There I sat with my 94-year-old grandmother in front of her computer, trying to explain to her about computer viruses. Her computer was full of them, and I was trying to explain they were malicious attempts to do damage or cause chaos over the internet.
“But why would someone do something like that?” she asked.
I thought for a second and found a way to explain it to her in a way she could relate. I said it’s like people who vandalize a playground. Why do they do it?
Because they’re bored.
- Because they’re just plain mean and want to destroy something good.
- Because they enjoy the rush of doing something bad and not getting caught.
- Because they want to prove they can do it and show off.
I told her you could take those exact same reasons and apply them to computer viruses and hackers, because in essence, it’s the same thing. I also said that some of the same ways we try to keep vandals out of parks are the same things we can use to stop hackers.
You can put up a fence around the property, which is like a firewall. But sometimes you accidentally block the people who you want to enter. And despite your security measures, sometimes you accidentally invite in the vandals, thinking that they’re the good guys, because they will lie, cheat, and beg their way through.
I gave her an example: You know all those e-mails your friends and relatives send you with the pretty flowers, the Bible verses, or the funny jokes?
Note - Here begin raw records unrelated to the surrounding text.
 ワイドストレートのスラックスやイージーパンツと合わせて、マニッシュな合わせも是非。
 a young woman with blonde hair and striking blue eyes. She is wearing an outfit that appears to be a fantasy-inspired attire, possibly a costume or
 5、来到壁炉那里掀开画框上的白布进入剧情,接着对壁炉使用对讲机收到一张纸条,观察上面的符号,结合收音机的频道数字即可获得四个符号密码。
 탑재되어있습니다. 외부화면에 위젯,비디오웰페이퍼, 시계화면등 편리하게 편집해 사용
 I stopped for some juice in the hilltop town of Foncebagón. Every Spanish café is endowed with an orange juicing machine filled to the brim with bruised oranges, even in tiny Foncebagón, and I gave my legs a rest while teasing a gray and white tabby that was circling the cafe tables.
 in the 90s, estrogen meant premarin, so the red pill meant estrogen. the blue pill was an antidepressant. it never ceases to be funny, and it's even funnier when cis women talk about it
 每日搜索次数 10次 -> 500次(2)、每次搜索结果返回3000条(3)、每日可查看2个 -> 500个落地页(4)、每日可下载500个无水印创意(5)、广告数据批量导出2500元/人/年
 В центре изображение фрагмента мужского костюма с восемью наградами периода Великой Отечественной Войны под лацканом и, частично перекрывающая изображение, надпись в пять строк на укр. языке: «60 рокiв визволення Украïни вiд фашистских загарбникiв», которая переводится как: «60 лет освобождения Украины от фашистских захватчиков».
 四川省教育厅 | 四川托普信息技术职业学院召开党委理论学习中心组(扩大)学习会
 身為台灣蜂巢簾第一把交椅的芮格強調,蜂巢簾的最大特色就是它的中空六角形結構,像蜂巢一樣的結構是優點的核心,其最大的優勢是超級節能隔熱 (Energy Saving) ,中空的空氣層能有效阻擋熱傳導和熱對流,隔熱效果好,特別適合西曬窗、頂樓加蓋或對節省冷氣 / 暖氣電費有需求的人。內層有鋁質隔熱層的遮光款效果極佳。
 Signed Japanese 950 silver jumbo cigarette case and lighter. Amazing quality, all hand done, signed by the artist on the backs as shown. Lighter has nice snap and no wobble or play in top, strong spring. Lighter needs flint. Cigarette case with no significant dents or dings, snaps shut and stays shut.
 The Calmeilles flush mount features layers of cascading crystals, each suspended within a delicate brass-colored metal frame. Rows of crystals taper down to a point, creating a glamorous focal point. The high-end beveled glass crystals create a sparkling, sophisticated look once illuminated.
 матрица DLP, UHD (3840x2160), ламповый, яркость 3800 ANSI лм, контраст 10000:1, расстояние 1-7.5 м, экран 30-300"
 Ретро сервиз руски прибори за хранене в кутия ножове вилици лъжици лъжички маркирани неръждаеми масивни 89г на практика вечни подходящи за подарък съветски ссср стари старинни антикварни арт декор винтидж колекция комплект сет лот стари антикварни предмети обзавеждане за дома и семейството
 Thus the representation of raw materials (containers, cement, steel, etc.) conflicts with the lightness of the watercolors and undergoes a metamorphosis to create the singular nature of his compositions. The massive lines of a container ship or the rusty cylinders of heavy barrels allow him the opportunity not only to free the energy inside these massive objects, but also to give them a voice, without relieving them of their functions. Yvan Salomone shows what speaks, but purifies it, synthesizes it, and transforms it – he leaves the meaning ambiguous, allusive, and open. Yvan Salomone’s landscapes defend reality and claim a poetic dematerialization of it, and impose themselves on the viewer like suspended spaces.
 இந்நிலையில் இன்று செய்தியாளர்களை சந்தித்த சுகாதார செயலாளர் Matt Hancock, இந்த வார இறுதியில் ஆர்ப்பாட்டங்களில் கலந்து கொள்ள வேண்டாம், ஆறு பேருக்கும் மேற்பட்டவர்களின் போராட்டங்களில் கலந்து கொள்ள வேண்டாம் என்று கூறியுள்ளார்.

Your computer may have warned you that they may contain dangerous files, but you open them anyway.
“But I like those e-mails,” she said with a hint of annoyance. “I’m not going to stop reading them.”
At this point, I knew it would be rude to argue with her. She understood the risk of computer viruses and was willing to take the chance. I also knew that she had no personal information on her computer and never did any shopping online, so the likelihood of her identity being stolen was close to nothing.
Viruses aren’t just fooling little old ladies
I’m relaying this story because this is how people become victims of social engineering, or psychologically manipulating people into performing actions or divulging confidential information. I’m also relaying it because Practical Software Solutions was a victim of a computer virus through an e-mail, and we want to make everyone aware that you don’t have to be a 94-year-old grandmother with limited computer knowledge to become a victim.
Last Friday, Jeremy Wagner, our network administrator, sent out this message to all employees:
One of our employees got a virus that has been making rounds for over a year now. It’s a CryptoLocker virus that takes your files and encrypts them until you pay a ransom. There was no threat of it spreading to other computers but this virus is typically received through email so I wanted to send a warning out to everyone in case you get any suspicious emails. Our spam/virus filter should catch it but just be cautious of any attachments received from any emails. More information regarding how you’re likely to get this virus can be found here.
Let’s be honest: We’re all pretty computer-literate here at Practical. We run the gamut from top-notch computer programmers to people who have spent their entire lives/working careers using computers. (And, if I may brag a bit, we’re all pretty smart here, too.) We have top-of-the-line protection for our servers, and we all know what not to open in e-mails or click on a website. And we know how viruses work and how they can get past a firewall.
But again, it’s the difference between the bad guys who try to force their way past security and the confidence man who can easily gain access just by putting on a great act.
We’ve all had days at work where we’re distracted and don’t pay attention to the best of our abilities. The dog was sick overnight and you didn’t get enough sleep. Or that big vacation is a day away, and you’re excited and rushing to get everything done. Or you’re worrying about money because of some unexpected car repairs. I don’t care if you’re the CEO or the custodian — you’re human and we all have bad days.
But that’s also how an extremely sharp and computer-literate person can be fooled by a hacker. According to the article linked above from Bleeping Computer, the virus most likely was cunningly disguised as a PDF attachment from a seemingly reputable sources. All it takes is one distracted moment to forget that UPS wouldn’t send you a PDF if something you ordered online was going to be delayed, and the trap has been sprung in the time it takes to double-click an icon.
And for the hacker who enjoys “the thrill of the hunt,” they don’t find sport in duping my 94-year-old grandmother. Even though this particular virus was an extortion, many hackers aren’t looking for financial gain. They’re looking for a challenge in their chaos, and getting a computer-savvy businessperson to fall for the scam is quite a coup.
So we ask everyone to stay vigilant when it comes to your online protection. There’s no use in spending thousands of dollars on a security system, only to hold the gate open for the bad guys and invite them in for a drink.